Directions for this task >> Print, exactly as written, the line in the entries below that contains "大町市の大町南小学校では、3" and every line after it up to and including the last. Omit pictures.

Saved entries
════════════════

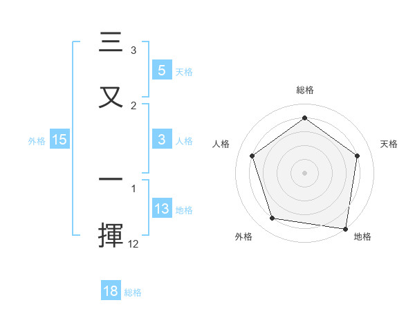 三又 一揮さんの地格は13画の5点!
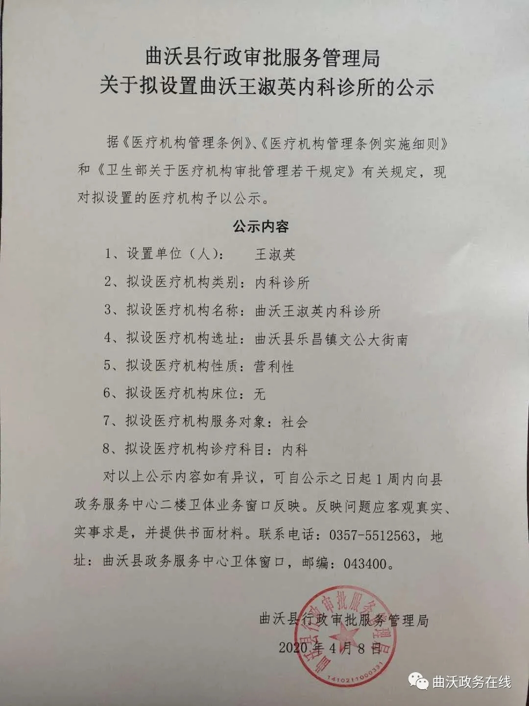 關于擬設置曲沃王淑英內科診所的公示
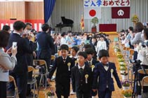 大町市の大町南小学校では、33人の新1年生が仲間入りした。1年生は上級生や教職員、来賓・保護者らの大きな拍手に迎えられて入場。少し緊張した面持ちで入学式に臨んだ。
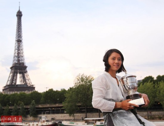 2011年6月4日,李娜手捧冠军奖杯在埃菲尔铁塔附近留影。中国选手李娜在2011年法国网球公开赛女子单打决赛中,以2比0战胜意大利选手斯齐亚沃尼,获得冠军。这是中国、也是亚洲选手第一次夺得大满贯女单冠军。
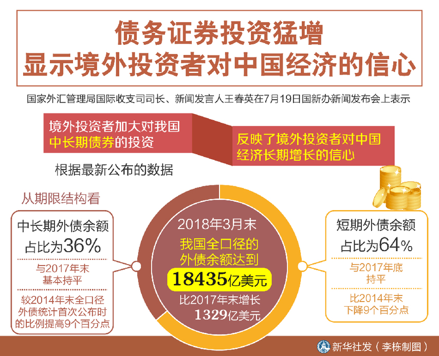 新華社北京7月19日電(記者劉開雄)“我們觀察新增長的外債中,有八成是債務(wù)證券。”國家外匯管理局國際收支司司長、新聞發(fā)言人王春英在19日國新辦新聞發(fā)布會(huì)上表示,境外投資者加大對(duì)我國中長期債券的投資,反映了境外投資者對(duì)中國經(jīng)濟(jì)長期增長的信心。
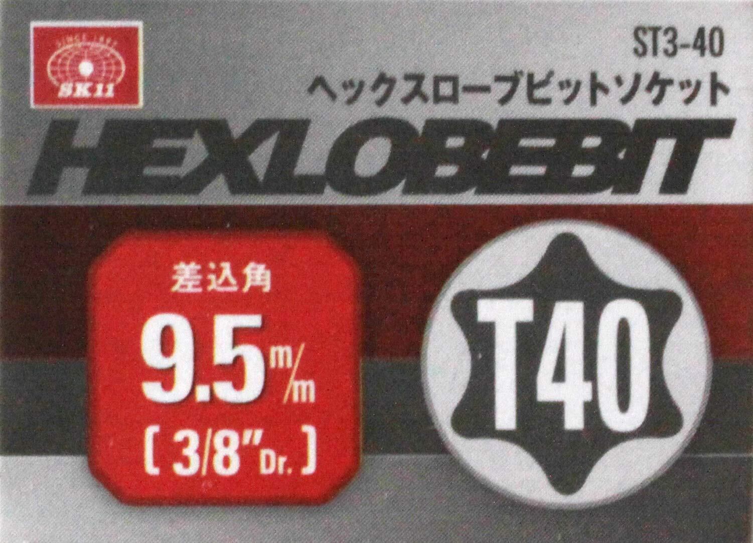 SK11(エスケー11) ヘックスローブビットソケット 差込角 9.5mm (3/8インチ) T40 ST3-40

════════════════

Worked solution >>
 大町市の大町南小学校では、33人の新1年生が仲間入りした。1年生は上級生や教職員、来賓・保護者らの大きな拍手に迎えられて入場。少し緊張した面持ちで入学式に臨んだ。
 2011年6月4日,李娜手捧冠军奖杯在埃菲尔铁塔附近留影。中国选手李娜在2011年法国网球公开赛女子单打决赛中,以2比0战胜意大利选手斯齐亚沃尼,获得冠军。这是中国、也是亚洲选手第一次夺得大满贯女单冠军。
 新華社北京7月19日電(記者劉開雄)“我們觀察新增長的外債中,有八成是債務(wù)證券。”國家外匯管理局國際收支司司長、新聞發(fā)言人王春英在19日國新辦新聞發(fā)布會(huì)上表示,境外投資者加大對(duì)我國中長期債券的投資,反映了境外投資者對(duì)中國經(jīng)濟(jì)長期增長的信心。
 SK11(エスケー11) ヘックスローブビットソケット 差込角 9.5mm (3/8インチ) T40 ST3-40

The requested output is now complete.